Abraham berbalik, mengira dia akan bercerita tentang lebih banyak es krim. Namun kata-kata Luke membuat hatinya berhenti.
“Yah, lihat! Mommy kembali!” teriak Luke, sambil menunjuk.
Abraham membeku. Dia berbalik perlahan, mengikuti arah pandang Luke. Seorang wanita berdiri di pantai, membelakangi mereka, dengan rambut cokelat – persis seperti rambut Stacey.
“Tidak, Luke, itu bukan—” Abraham mulai berkata, tapi suaranya gemetar.
Wanita itu berbalik, dan saat mata mereka bertemu, perut Abraham terasa mual. Itu adalah Stacey.
Suara polos Luke memecah keheningan. “Daddy, kenapa Mommy terlihat berbeda?”
Abraham tidak bisa bicara. Jantungnya berdetak cepat saat dia melihat wanita yang seharusnya sudah mati, tertawa, berjalan menjauh dengan seorang pria di sampingnya. Pikiran Abraham berputar – dia sudah menguburkannya. Dia sudah melihatnya di dalam peti. Bukankah begitu?
“Mommy!” teriak Luke, tapi Abraham dengan cepat mengangkatnya ke pelukannya.
“Kita harus pergi, sayang,” bisiknya, suaranya hampir seperti desahan.
Malam itu:
Setelah Luke tertidur, Abraham berdiri di balkon hotel, gemetar. Dia tidak bisa membiarkan ini berlalu begitu saja. Dia harus mengetahui kebenarannya.

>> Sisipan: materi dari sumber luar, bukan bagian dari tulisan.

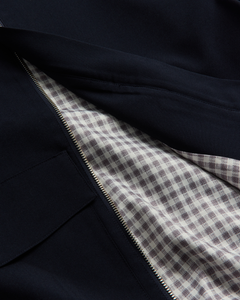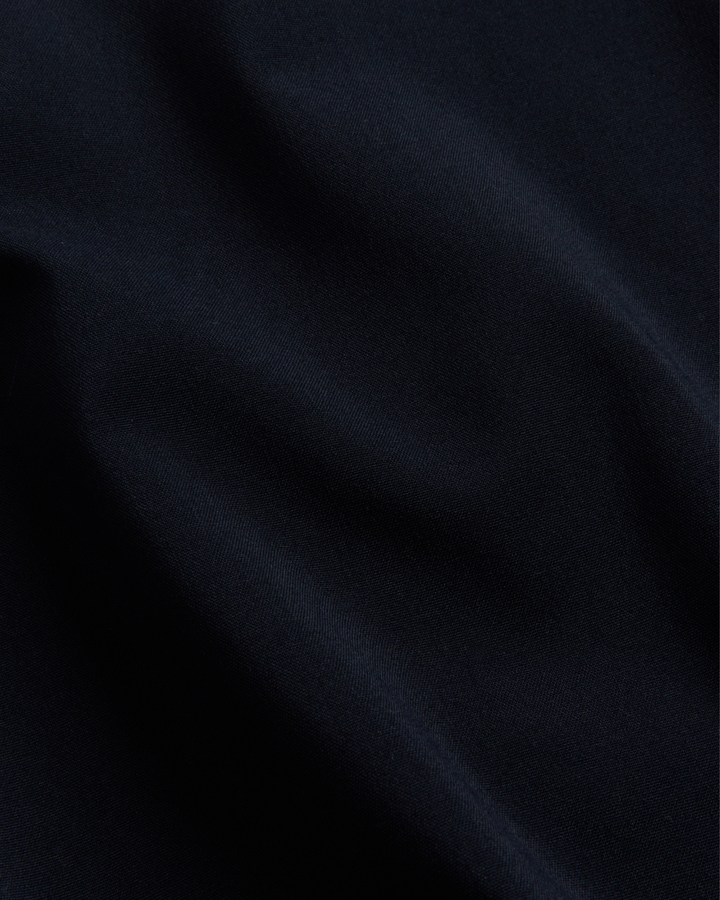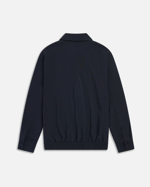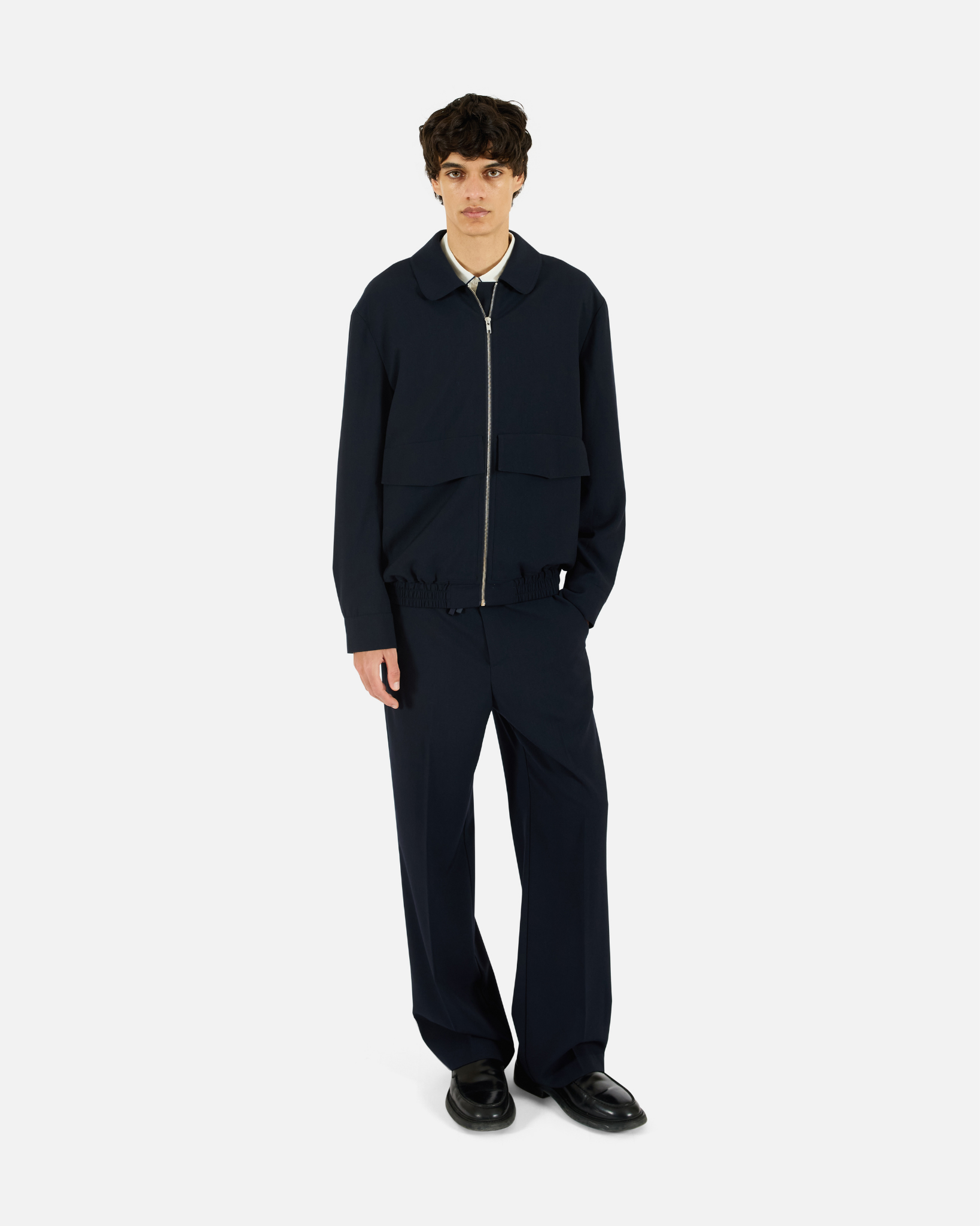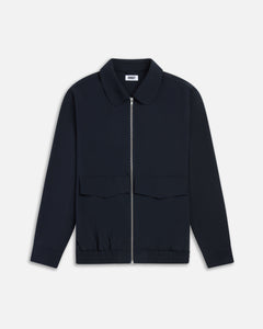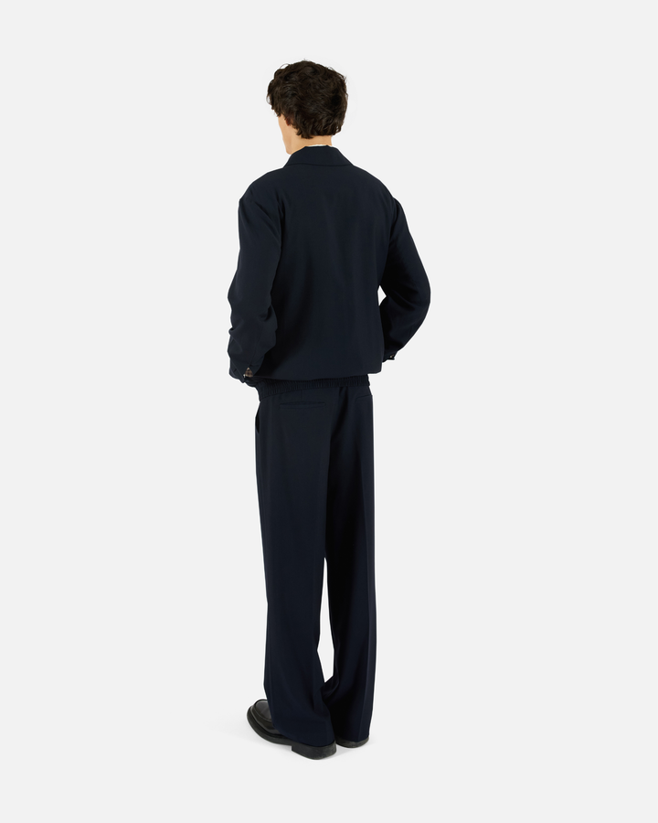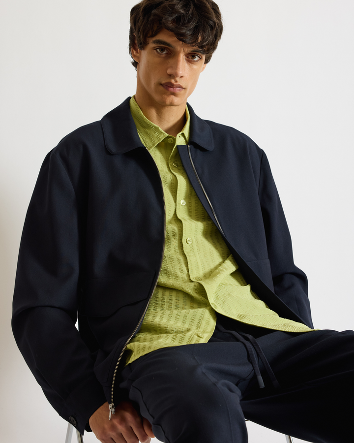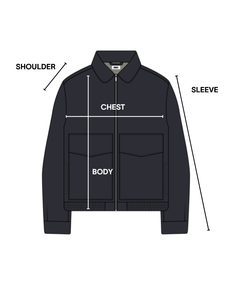 Relaxed silhouette cut from a smooth recycled-poly blend with subtle structure. Designed with a full front zip, oversized flap pockets, functional welt pockets, and an elastic waistband for ease. Contrast lining and button cuffs finish the piece with thoughtful detail.

Dia menelpon nomor ibu Stacey.
“Hallo?” jawabnya.
“Saya perlu tahu persis apa yang terjadi pada Stacey,” suara Abraham tegas, tapi ada keputusasaan yang terdengar.
“Kita sudah melewatinya, Abraham,” jawab ibu Stacey dengan dingin.
“Tidak, katakan lagi,” tegas Abraham.
“Kecelakaan itu terjadi pagi-pagi sekali. Sudah terlambat ketika kami sampai di rumah sakit,” jelasnya, suaranya tegang.
“Dan jenazahnya? Kenapa saya tidak bisa melihatnya?”
“Itu terlalu rusak. Kami pikir lebih baik—”
“Kalian salah,” tegas Abraham, memutuskan percakapan itu. Dia merasa ada yang tidak beres.
Keesokan harinya:
Abraham menghabiskan berjam-jam menyusuri pantai dan toko-toko di sekitar, namun tidak ada tanda-tanda Stacey. Frustrasinya semakin bertambah setiap saat. Apakah dia membayangkannya? Dia duduk di bangku, kelelahan dan putus asa, saat sebuah suara mengejutkannya.
“Saya tahu kamu akan mencariku.”
Abraham berputar dan menemukan Stacey berdiri di depannya. Dia terlihat sama, tapi ada sesuatu yang lebih dingin pada dirinya sekarang.
“Stacey?” bisiknya dengan tak percaya.
“Ini rumit, Abraham,” katanya, menunduk.
“Jelaskanlah,” desak Abraham, amarahnya mulai meningkat, diam-diam merekam percakapan itu.
“Saya hamil,” bisiknya.
“Apa?” Abraham terkejut.
“Itu bukan anakmu,” katanya, enggan menatap matanya.
Pelan-pelan, dia menjelaskan semuanya—perselingkuhan, kehamilan, rencana untuk melarikan diri.
“Kami tahu kamu akan pergi,” akui Stacey. “Waktunya sempurna.”
“Sempurna?” amarah Abraham meledak. “Kamu tahu apa yang sudah kamu lakukan pada Luke? Pada saya?”
Air mata mengisi matanya saat dia memohon, “Saya minta maaf. Saya tidak bisa menghadapimu. Dengan cara ini, semua orang bisa melanjutkan hidup.”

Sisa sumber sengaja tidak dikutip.